Stored entries:
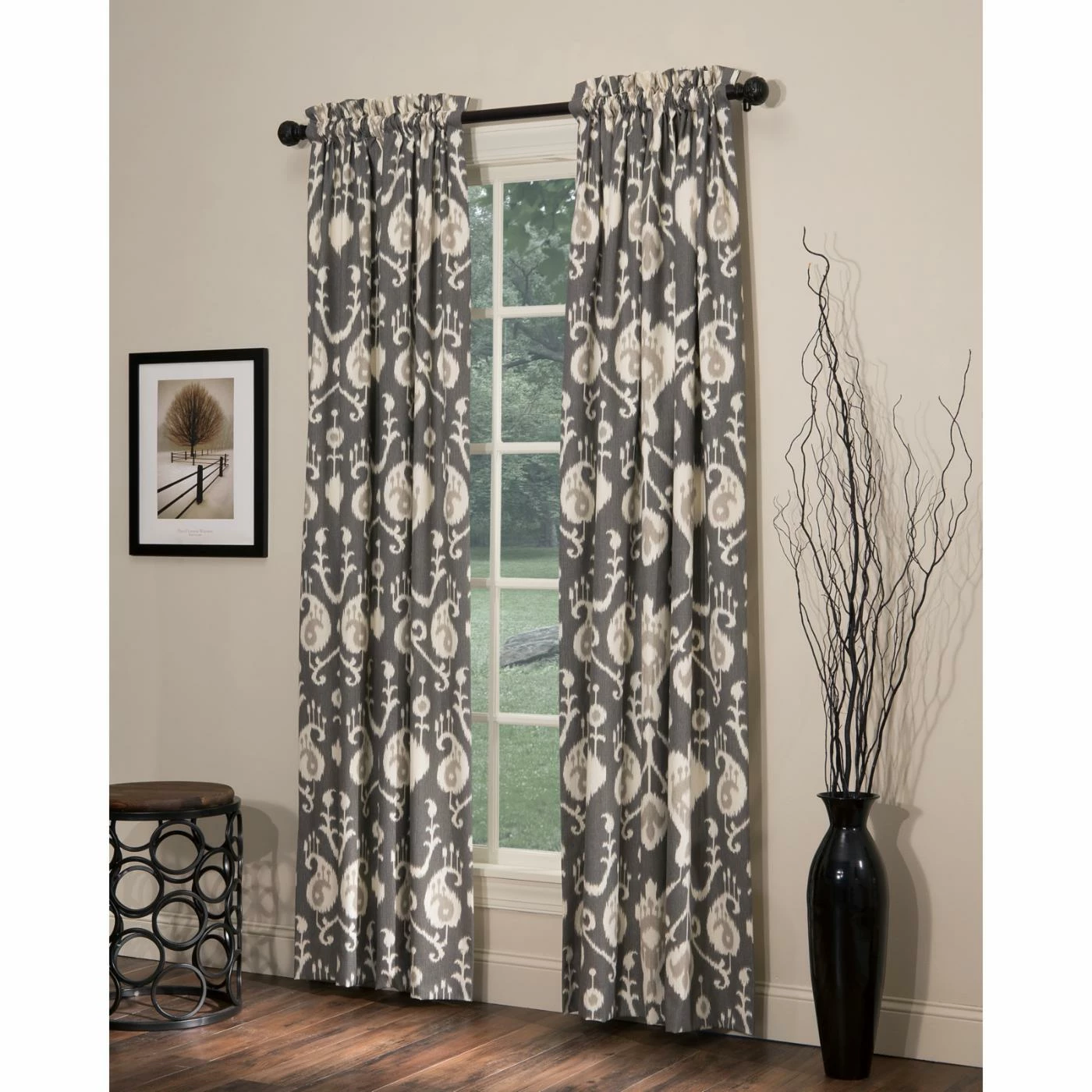 Enjoy a modern ikat pattern in your living room or bedroom by hanging the Salazar Rod Pocket Curtains by Thomasville at Home. Its gray and cream color palette are easy to coordinate with your existing home dΓ©cor. Fully-lined pockets slide over your curtain rod for simple installation.
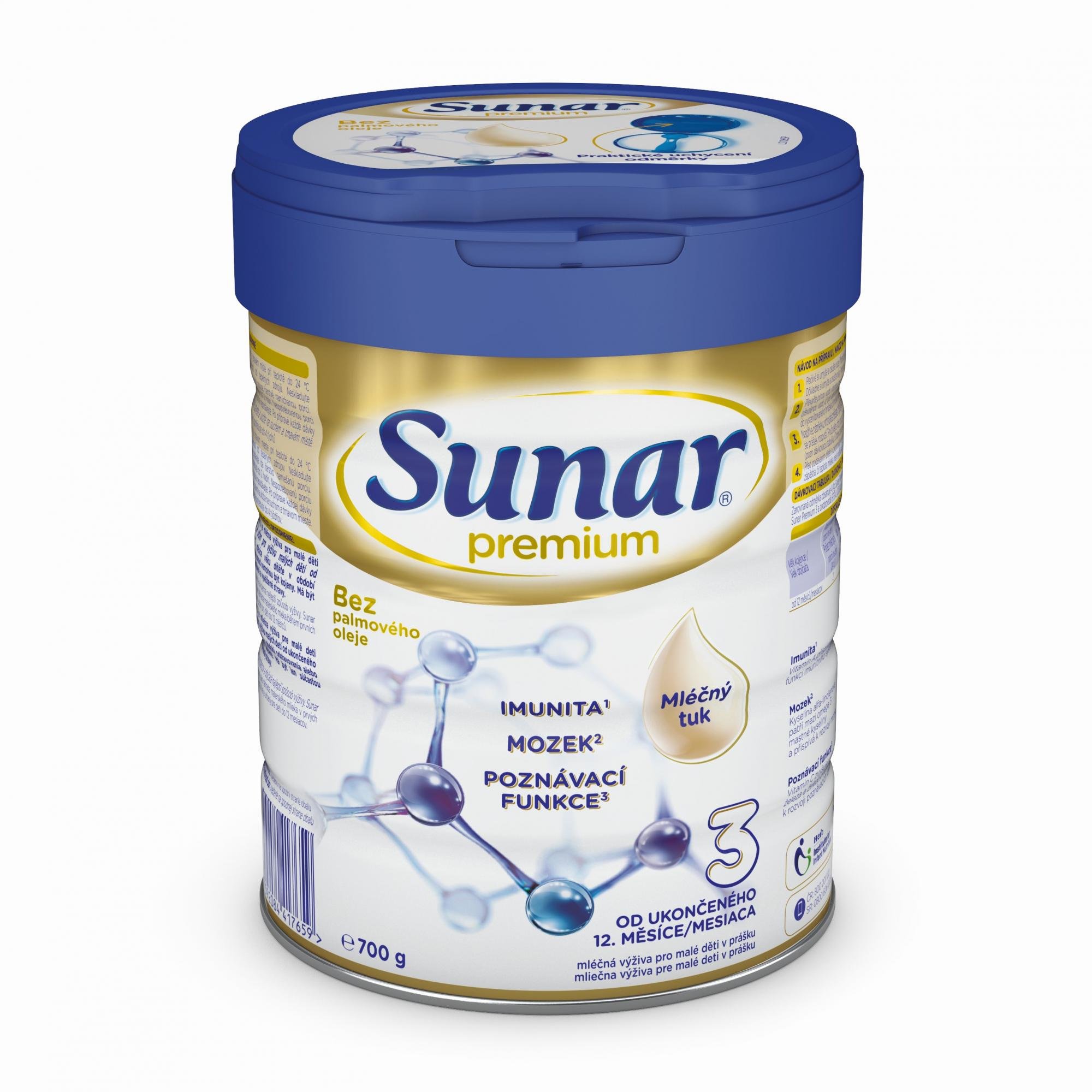 DŮLEŽITÉ UPOZORNĚNÍ! Sunar Premium 3 je mléčná výživa pro malé děti v prášku. Je určen pro výživu malých dětí od ukončeného 12. měsíce věku dítěte v období odstavování nebo pokud nemohou být kojeny. Má být pouze součástí smíšené a vyvážené stravy. Kojení je pro novorozence a kojence nejlepší způsob výživy. Sunar Premium 3 není určen jako náhrada mateřského mléka během prvních šesti měsíců života. Není určen pro děti do 12 měsíců. Upozornění: Počet mléčných dávek v jídelníčku postupně klesá se zvyšujícím se počtem nemléčných jídel. Doporučené denní dávky mléka jsou orientační, řiďte se individuální potřebou dítěte a doporučením pediatra. Při krmení neponechávejte dítě bez dozoru, hrozí riziko zalknutí. Pro zdraví kojenců malých dětí je důležité správné dodržování návodu na přípravu, používejte pouze přiloženou odměrku, neměňte poměr prášku a vody. Při nesprávném skladování a nedodržení správného návodu na přípravu může dojít k ohrožení zdraví dítěte. Po konzumaci mléka, zejména před spaním, dbejte na hygienu ústní dutiny.
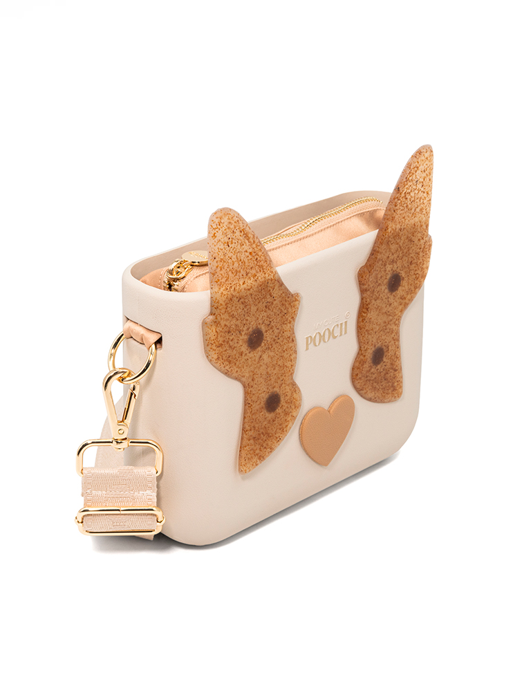 A POOCH é mais do que uma bolsa: é uma obra de arte 100% portuguesa, vegan, reciclável e muito duradoura. Personalizável para refletir quem tu és, transmite afeto e originalidade, adapta-se a todos os estilos e ocasiões e torna-se a companheira perfeita para cada momento da tua vida. A Pooch é produzida em B-Light®, um composto nobre e exclusivo de borracha reciclável e ultraleve. Com toque irresistivelmente suave na cor cru e letras pintadas à mão em dourado. O necessaire tem bolsos internos é confecionado em cetim camel, com fecho dourado personalizado com a marca POOCH. Como assinatura inconfundível da marca, a bolsa traz delicadas orelhinhas decoradas com palhinha (Golden soul), um nariz em formato na cor camel. A alça Maria cru em jacquard, regulável até 1,40m garante conforto e leveza no uso.
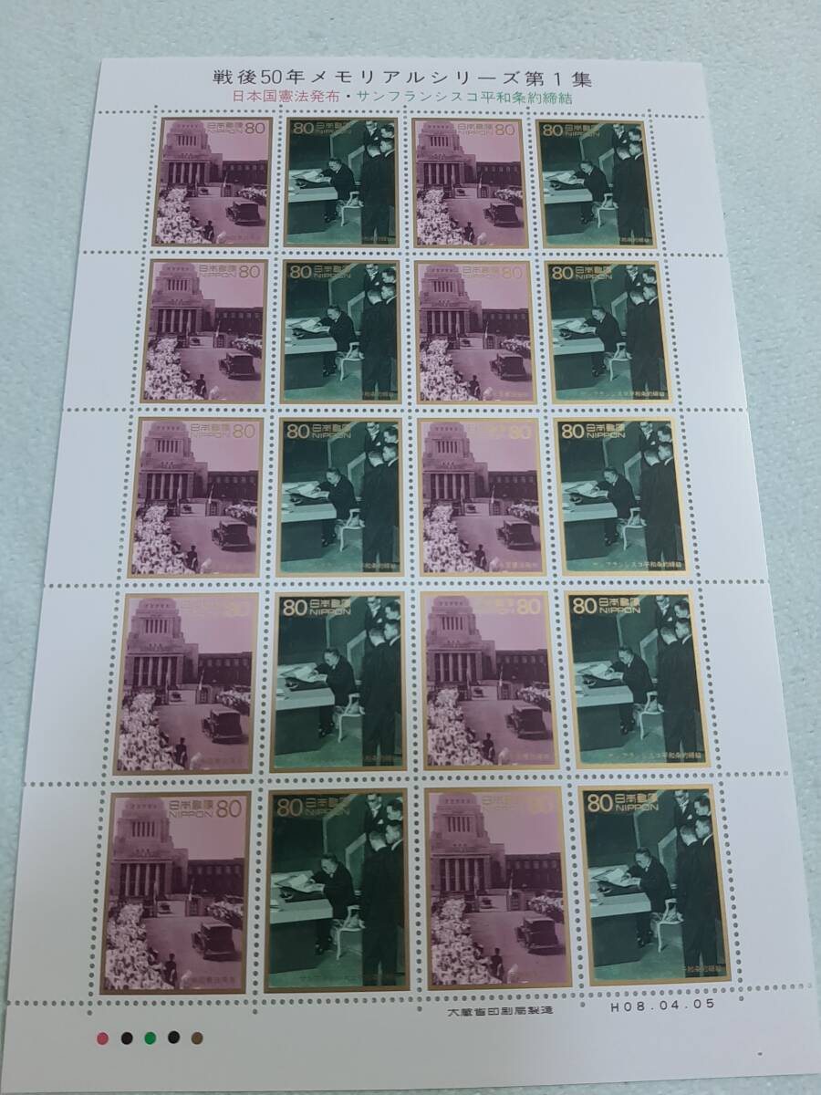 戦後50年メモリアルシリーズ 第1集 日本国憲法発布・サンフランシスコ平和条約締結 H8 切手シート1枚
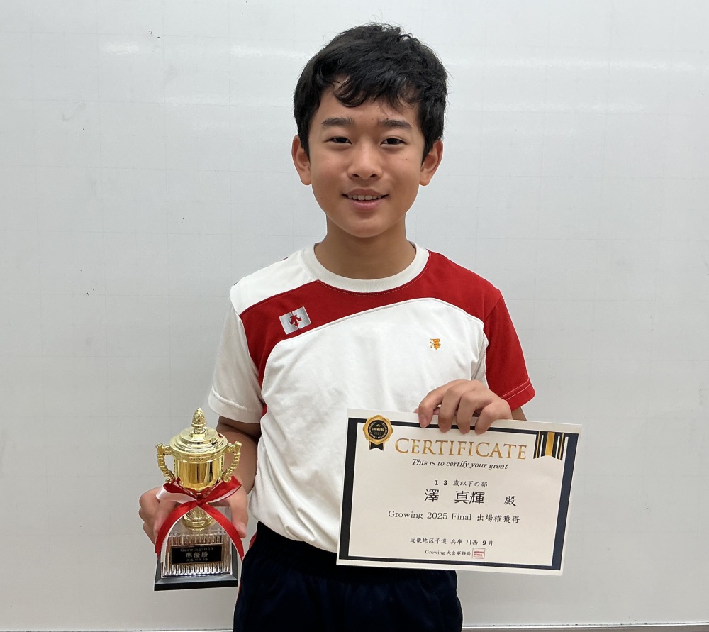 この大会は,テニスの大会です。13歳以下の部で,見事準優勝に輝きました。
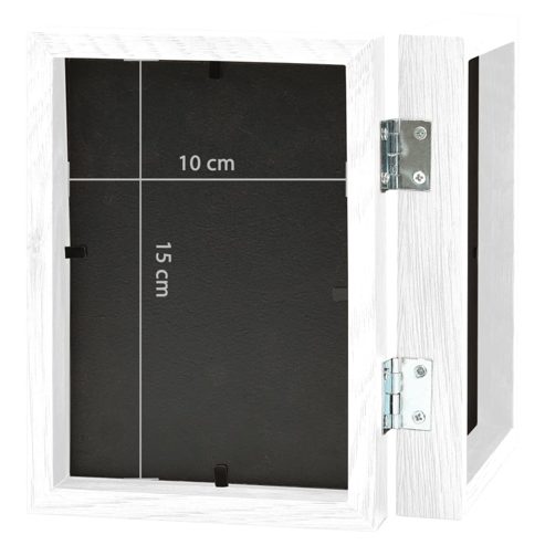 Stellen Sie Ihre schönsten Momente mit diesem trendigen Zweifach-Bilderrahmen zur Schau. Ihre Erinnerungen werden stilvoll präsentiert und ein echter Hingucker sein. Der aufklappbare Bilderrahmen kennzeichnet sich durch klassische gerade Linien und verleiht Ihrem Wohnraum eine lebendige und moderne Note. Die MDF-Platte an der Rückseite und das harte PS-Material an der Vorderseite bieten optimalen Schutz. Dank der Verriegelung auf der Rückseite können Sie Ihre Bilder ganz einfach austauschen. Durch sein Klappdesign kann dieser Fotorahmen ohne Ständer auf dem Tisch stehen. ** Farbe: Weiß ** Material: MDF, PS (Polystyrol) ** Größe: je 10 x 15 cm (B x H) ** Rückwandstärke: 2 mm ** Klappbares Design ** Verfügt über Scharniere zwischen den Rahmen ** Kann ohne Ständer auf den Tisch gestellt werden ** Kann leicht geöffnet werden, um jederzeit ein Bild hinzuzufügen
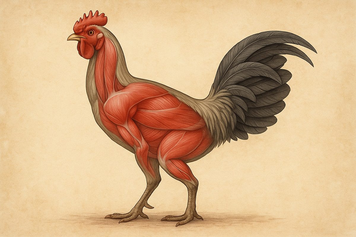 ร่างกายของไก่ชนเปรียบเสมือนเครื่องยนต์สมรรถนะสูง ประกอบด้วยกล้ามเนื้อ 2 ชนิดหลักที่ทำงานต่างกัน และตอบสนองต่อการฝึกคนละแบบ การเข้าใจกล้ามเนื้อสองชนิดนี้คือเคล็ดลับในการสร้างไก่ที่ “เก่งครบเครื่อง”

* About this task *
All of the data is to be returned exactly, with no pictures included.

* Answer area *
 Enjoy a modern ikat pattern in your living room or bedroom by hanging the Salazar Rod Pocket Curtains by Thomasville at Home. Its gray and cream color palette are easy to coordinate with your existing home dΓ©cor. Fully-lined pockets slide over your curtain rod for simple installation.
 DŮLEŽITÉ UPOZORNĚNÍ! Sunar Premium 3 je mléčná výživa pro malé děti v prášku. Je určen pro výživu malých dětí od ukončeného 12. měsíce věku dítěte v období odstavování nebo pokud nemohou být kojeny. Má být pouze součástí smíšené a vyvážené stravy. Kojení je pro novorozence a kojence nejlepší způsob výživy. Sunar Premium 3 není určen jako náhrada mateřského mléka během prvních šesti měsíců života. Není určen pro děti do 12 měsíců. Upozornění: Počet mléčných dávek v jídelníčku postupně klesá se zvyšujícím se počtem nemléčných jídel. Doporučené denní dávky mléka jsou orientační, řiďte se individuální potřebou dítěte a doporučením pediatra. Při krmení neponechávejte dítě bez dozoru, hrozí riziko zalknutí. Pro zdraví kojenců malých dětí je důležité správné dodržování návodu na přípravu, používejte pouze přiloženou odměrku, neměňte poměr prášku a vody. Při nesprávném skladování a nedodržení správného návodu na přípravu může dojít k ohrožení zdraví dítěte. Po konzumaci mléka, zejména před spaním, dbejte na hygienu ústní dutiny.
 A POOCH é mais do que uma bolsa: é uma obra de arte 100% portuguesa, vegan, reciclável e muito duradoura. Personalizável para refletir quem tu és, transmite afeto e originalidade, adapta-se a todos os estilos e ocasiões e torna-se a companheira perfeita para cada momento da tua vida. A Pooch é produzida em B-Light®, um composto nobre e exclusivo de borracha reciclável e ultraleve. Com toque irresistivelmente suave na cor cru e letras pintadas à mão em dourado. O necessaire tem bolsos internos é confecionado em cetim camel, com fecho dourado personalizado com a marca POOCH. Como assinatura inconfundível da marca, a bolsa traz delicadas orelhinhas decoradas com palhinha (Golden soul), um nariz em formato na cor camel. A alça Maria cru em jacquard, regulável até 1,40m garante conforto e leveza no uso.
 戦後50年メモリアルシリーズ 第1集 日本国憲法発布・サンフランシスコ平和条約締結 H8 切手シート1枚
 この大会は,テニスの大会です。13歳以下の部で,見事準優勝に輝きました。
 Stellen Sie Ihre schönsten Momente mit diesem trendigen Zweifach-Bilderrahmen zur Schau. Ihre Erinnerungen werden stilvoll präsentiert und ein echter Hingucker sein. Der aufklappbare Bilderrahmen kennzeichnet sich durch klassische gerade Linien und verleiht Ihrem Wohnraum eine lebendige und moderne Note. Die MDF-Platte an der Rückseite und das harte PS-Material an der Vorderseite bieten optimalen Schutz. Dank der Verriegelung auf der Rückseite können Sie Ihre Bilder ganz einfach austauschen. Durch sein Klappdesign kann dieser Fotorahmen ohne Ständer auf dem Tisch stehen. ** Farbe: Weiß ** Material: MDF, PS (Polystyrol) ** Größe: je 10 x 15 cm (B x H) ** Rückwandstärke: 2 mm ** Klappbares Design ** Verfügt über Scharniere zwischen den Rahmen ** Kann ohne Ständer auf den Tisch gestellt werden ** Kann leicht geöffnet werden, um jederzeit ein Bild hinzuzufügen
 ร่างกายของไก่ชนเปรียบเสมือนเครื่องยนต์สมรรถนะสูง ประกอบด้วยกล้ามเนื้อ 2 ชนิดหลักที่ทำงานต่างกัน และตอบสนองต่อการฝึกคนละแบบ การเข้าใจกล้ามเนื้อสองชนิดนี้คือเคล็ดลับในการสร้างไก่ที่ “เก่งครบเครื่อง”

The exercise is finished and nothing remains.